Nancy Pelosi launches impeachment inquiry against Donald Trump: Take a look at how the proceedings work
Pelosi, who well understands the challenges Democrats might face in proceeding with an impeachment inquiry, has long resisted calls from many progressive lawmakers to initiate the the proceedings.
The House Speaker also accused Trump of risking the nation's security by seeking to enlist a foreign government for his own political gains
The inquiry against Trump marks the fourth time in American history when a president faced a viable threat of impeachment
Other than Trump, the list includes former US presidents Andrew Johnson, Richard Nixon and Bill Clinton
In mounting trouble for Donald Trump, US Democrat Nancy Pelosi on Tuesday confirmed that House of Representatives will initiate formal impeachment inquiry against the US president after reports surfaced of him betraying the oath of office by putting "pressure" on Ukrainian president Volodymyr Zelensky to investigate Joe Biden, a potential 2020 election opponent.
The House Speaker also accused Trump of risking the nation's security by seeking to enlist a foreign government for his own political gains.
"The actions of the Trump presidency revealed the dishonourable facts of the president's betrayal of his oath of office, betrayal of our national security, and betrayal of the integrity of our elections," Pelosi told a highly anticipated news conference in the US capital, adding, "he must be held accountable — no one is above the law."
The inquiry against Trump marks the fourth time in American history when a president faced a viable threat of impeachment. Other than Trump, the list includes former US presidents Andrew Johnson, Richard Nixon and Bill Clinton.
Pelosi, who well understands the challenges Democrats might face in proceeding with an impeachment inquiry, has long resisted calls from many progressive lawmakers to initiate the proceedings. But the revelations about Trump's phone call with Zelensky on Biden appeared to have become the tipping point.

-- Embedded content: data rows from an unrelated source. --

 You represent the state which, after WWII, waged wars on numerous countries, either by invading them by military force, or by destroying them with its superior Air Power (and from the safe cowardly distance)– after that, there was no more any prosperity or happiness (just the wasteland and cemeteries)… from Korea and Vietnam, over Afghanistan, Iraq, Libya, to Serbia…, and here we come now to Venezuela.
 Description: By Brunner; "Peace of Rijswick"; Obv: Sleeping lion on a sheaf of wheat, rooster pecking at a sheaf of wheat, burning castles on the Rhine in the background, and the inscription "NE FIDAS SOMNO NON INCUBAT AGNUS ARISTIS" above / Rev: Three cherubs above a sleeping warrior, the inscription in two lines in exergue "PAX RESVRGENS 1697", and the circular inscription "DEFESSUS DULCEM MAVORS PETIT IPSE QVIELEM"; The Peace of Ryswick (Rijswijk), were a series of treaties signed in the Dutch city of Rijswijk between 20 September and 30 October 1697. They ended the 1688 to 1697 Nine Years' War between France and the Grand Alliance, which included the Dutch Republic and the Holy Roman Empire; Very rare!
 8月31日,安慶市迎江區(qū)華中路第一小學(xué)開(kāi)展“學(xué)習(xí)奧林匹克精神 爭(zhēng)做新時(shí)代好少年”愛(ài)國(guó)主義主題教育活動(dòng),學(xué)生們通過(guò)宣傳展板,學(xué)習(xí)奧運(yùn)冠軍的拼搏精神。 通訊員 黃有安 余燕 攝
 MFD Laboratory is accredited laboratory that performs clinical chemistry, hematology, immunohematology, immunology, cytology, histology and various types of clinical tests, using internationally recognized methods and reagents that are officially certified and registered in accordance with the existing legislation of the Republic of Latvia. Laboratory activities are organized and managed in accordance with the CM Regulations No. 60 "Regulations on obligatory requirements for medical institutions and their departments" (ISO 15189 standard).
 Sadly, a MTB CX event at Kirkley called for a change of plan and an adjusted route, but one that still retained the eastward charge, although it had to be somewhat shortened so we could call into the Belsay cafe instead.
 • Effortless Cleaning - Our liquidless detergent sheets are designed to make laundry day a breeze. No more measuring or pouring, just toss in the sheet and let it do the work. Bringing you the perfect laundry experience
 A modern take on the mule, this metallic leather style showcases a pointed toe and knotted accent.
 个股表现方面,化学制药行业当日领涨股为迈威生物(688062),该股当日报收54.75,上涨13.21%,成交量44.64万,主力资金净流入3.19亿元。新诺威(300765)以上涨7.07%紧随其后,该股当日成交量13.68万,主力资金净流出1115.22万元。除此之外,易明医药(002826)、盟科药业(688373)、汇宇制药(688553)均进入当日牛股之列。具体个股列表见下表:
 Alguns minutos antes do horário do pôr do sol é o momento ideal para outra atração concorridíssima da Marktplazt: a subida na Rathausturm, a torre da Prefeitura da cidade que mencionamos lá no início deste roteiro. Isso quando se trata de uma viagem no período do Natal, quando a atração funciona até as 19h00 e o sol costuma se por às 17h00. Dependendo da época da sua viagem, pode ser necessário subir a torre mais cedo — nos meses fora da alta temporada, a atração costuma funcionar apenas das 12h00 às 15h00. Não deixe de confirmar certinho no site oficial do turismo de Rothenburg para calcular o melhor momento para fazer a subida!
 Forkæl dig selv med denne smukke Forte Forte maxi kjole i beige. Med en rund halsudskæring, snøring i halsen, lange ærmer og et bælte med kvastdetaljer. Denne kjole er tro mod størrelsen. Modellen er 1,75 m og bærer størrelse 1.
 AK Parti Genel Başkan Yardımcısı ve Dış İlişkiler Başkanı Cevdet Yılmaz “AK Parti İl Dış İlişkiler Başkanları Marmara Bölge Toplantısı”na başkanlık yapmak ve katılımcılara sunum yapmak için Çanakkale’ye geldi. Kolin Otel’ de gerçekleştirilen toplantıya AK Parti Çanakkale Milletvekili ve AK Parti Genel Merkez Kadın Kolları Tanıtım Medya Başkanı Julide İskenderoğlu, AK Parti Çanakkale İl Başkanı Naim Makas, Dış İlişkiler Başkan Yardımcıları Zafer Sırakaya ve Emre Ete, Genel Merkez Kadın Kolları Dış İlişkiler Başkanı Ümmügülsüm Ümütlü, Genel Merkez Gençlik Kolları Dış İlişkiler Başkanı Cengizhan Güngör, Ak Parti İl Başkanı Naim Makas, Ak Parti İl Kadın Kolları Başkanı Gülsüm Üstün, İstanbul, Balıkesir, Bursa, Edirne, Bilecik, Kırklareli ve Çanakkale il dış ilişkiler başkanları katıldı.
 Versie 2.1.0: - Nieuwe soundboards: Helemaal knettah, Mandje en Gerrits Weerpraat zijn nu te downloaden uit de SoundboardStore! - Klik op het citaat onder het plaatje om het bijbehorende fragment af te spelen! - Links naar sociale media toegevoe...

Now here are a few things to know about the impeachment process and how it works:
What is Impeachment?
Many often confuse impeachment to be the removal of a president or other federal officials from office for committing an offence. But that's not what it means. Impeachment is an indictment or a formal charge of a serious crime against the president, vice president or another federal officeholder.
According to the US constitution, in a case of impeaching a sitting president, the House of Representatives can call for an inquiry if they believe that the president is guilty of "treason, bribery, or other high crimes and misdemeanours," reported CTV news.
The Senate conducts a trial after the officeholder is impeached to determine whether the accused is guilty of the charges. The accused can be removed from office only after a guilty verdict is reached.
Who can file impeachment charges?
The US constitution provides the House with the sole power to impeach a federal official or to introduce an impeachment resolution, which would further get reviewed by the House Judiciary Committee. The committee can conduct their own investigation and then bring articles of impeachment against the president, and present that evidence to the House.
If the committee votes to approve articles of impeachment, the formal charges move to the full House for consideration.
Finally, the House votes on each of the articles of impeachment separately. A majority vote is needed for the impeachment to pass. If all 435 House members vote, then 218 votes would be required for a majority.
However, this does not mean that the president can be removed immediately. The case is then handed over to the Senate, where a trial is held.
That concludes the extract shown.